Cour administrative d'appel de Bordeaux — Décision N° CAA33-22BX02373

jeudi 4 juillet 2024

JuridictionCour administrative d'appel de Bordeaux
SectionCour administrative d'appel de Bordeaux
N° DossierCAA33-22BX02373
TypeDécision
Recoursplein contentieux
PublicationC
Formation1ère chambre - formation à 3

Texte intégral

Vu la procédure suivante :

Procédure contentieuse antérieure :

Mme B A a demandé au tribunal administratif de Mayotte d'annuler la décision du 4 décembre 2019 par laquelle le vice-recteur de Mayotte a rejeté sa demande de remboursement partiel de loyer à compter de la rentrée 2018.

Par un jugement n°2001014 du 1er juillet 2022, le tribunal administratif de Mayotte a annulé la décision du 4 décembre 2019.

Procédure devant la cour :

I. Par une requête, enregistrée sous le n° 22BX02373 le 2 septembre 2022, le recteur de l'académie de Mayotte demande à la cour :

1°) d'annuler ce jugement du tribunal administratif de Mayotte du 1er juillet 2022 ;

2°) de rejeter les conclusions de Mme A tendant à l'annulation de la décision du 4 décembre 2019.
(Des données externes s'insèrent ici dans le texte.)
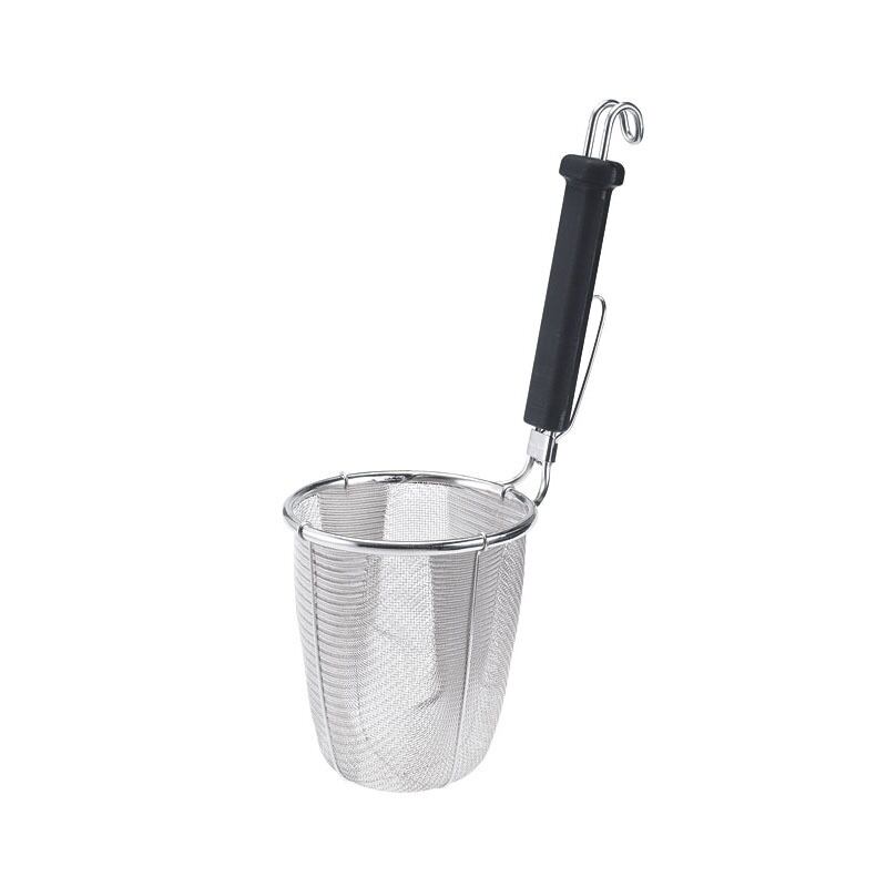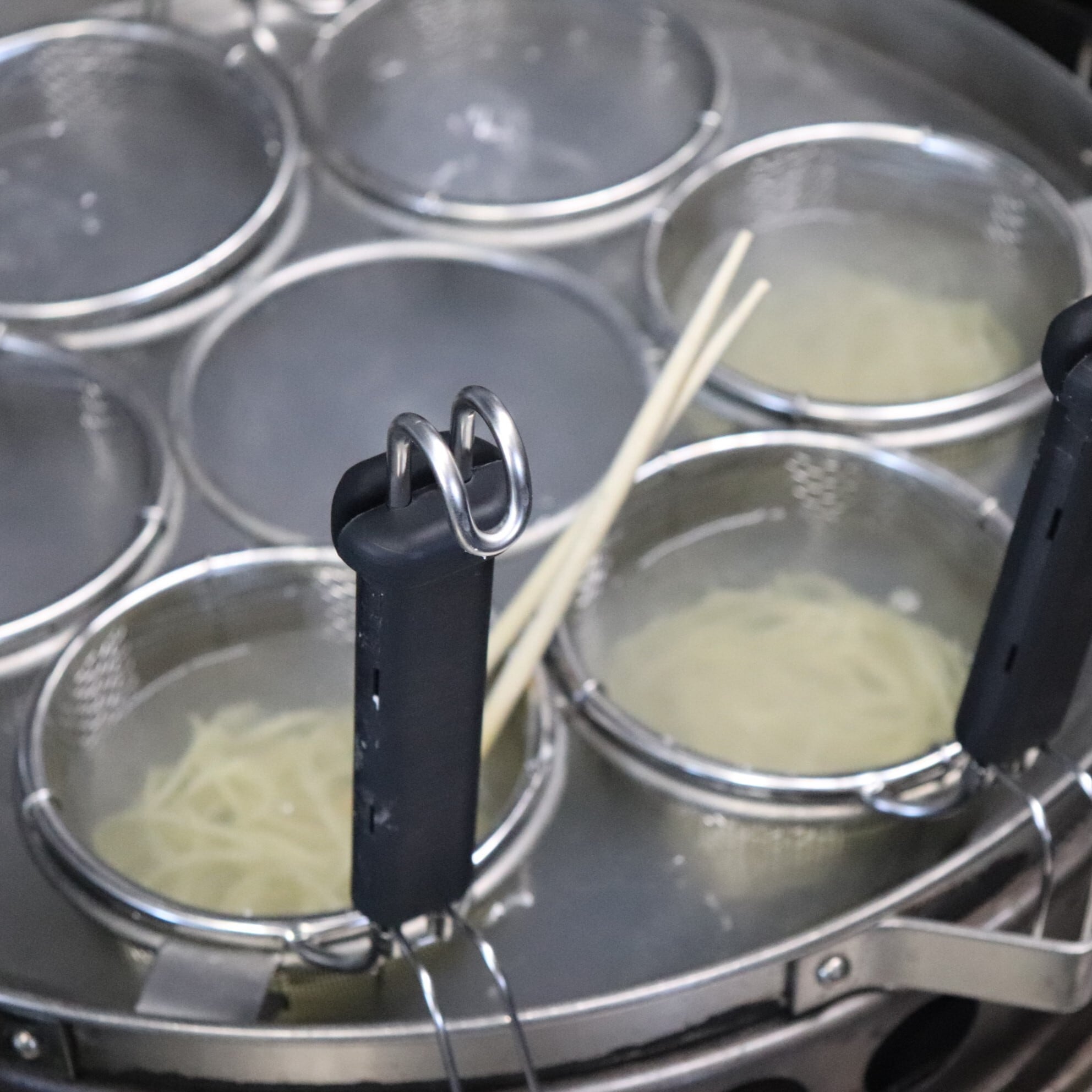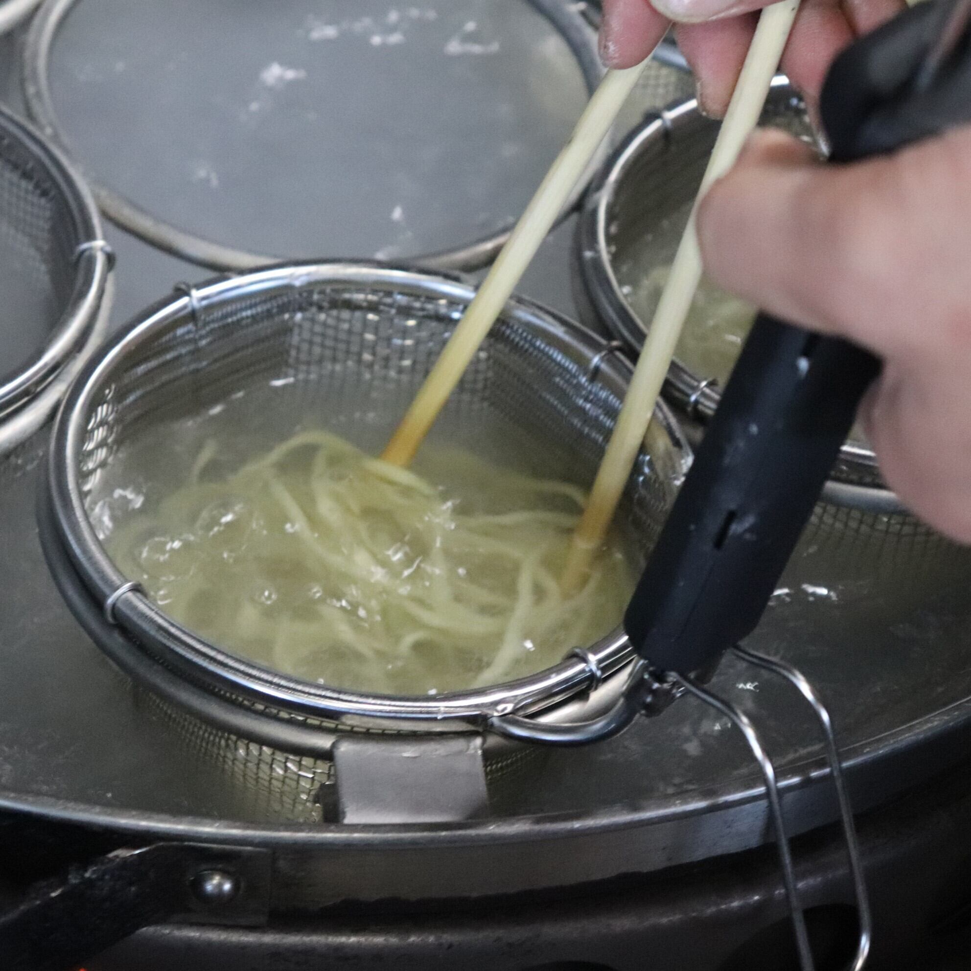 日々の湯切り動作の中で負担のかかるのが、柄の付け根部分。この部分は一般的なてぼに用いられるワイヤーの太さ(3.5mm程度)に比べ、2倍の強度を持つ(5mm)線を使用することで、抜群の耐久性を実現しました。(一般的なてぼの4倍の耐久性)

Il soutient qu'il n'a pas commis d'erreur manifeste d'appréciation en refusant de faire droit à la demande d'indemnité de remboursement partiel de loyer de Mme A dès lors que :

- l'indemnité de remboursement partiel des loyers a vocation à s'adresser exclusivement aux agents dont la prise de logement sur le territoire d'outre-mer procède immédiatement de leur affectation ;

- la résidence habituelle correspond au lieu de résidence stable, lequel est déterminé essentiellement par le lieu de résidence effectif et d'exercice professionnel ;

- l'instruction d'une demande d'indemnité de remboursement partiel des loyers sur le fondement du centre des intérêts matériels et moraux emporte une rupture d'égalité entre les agents du service public de l'éducation nationale ; le critère de la résidence habituelle prévu par le décret n°67-1039 du 29 novembre 1967 ne saurait donc être examiné au regard du centre des intérêts matériels et moraux ;

- la résidence habituelle de Mme A se situe à Mayotte dès lors qu'elle réside et travaille à Mayotte depuis 2015.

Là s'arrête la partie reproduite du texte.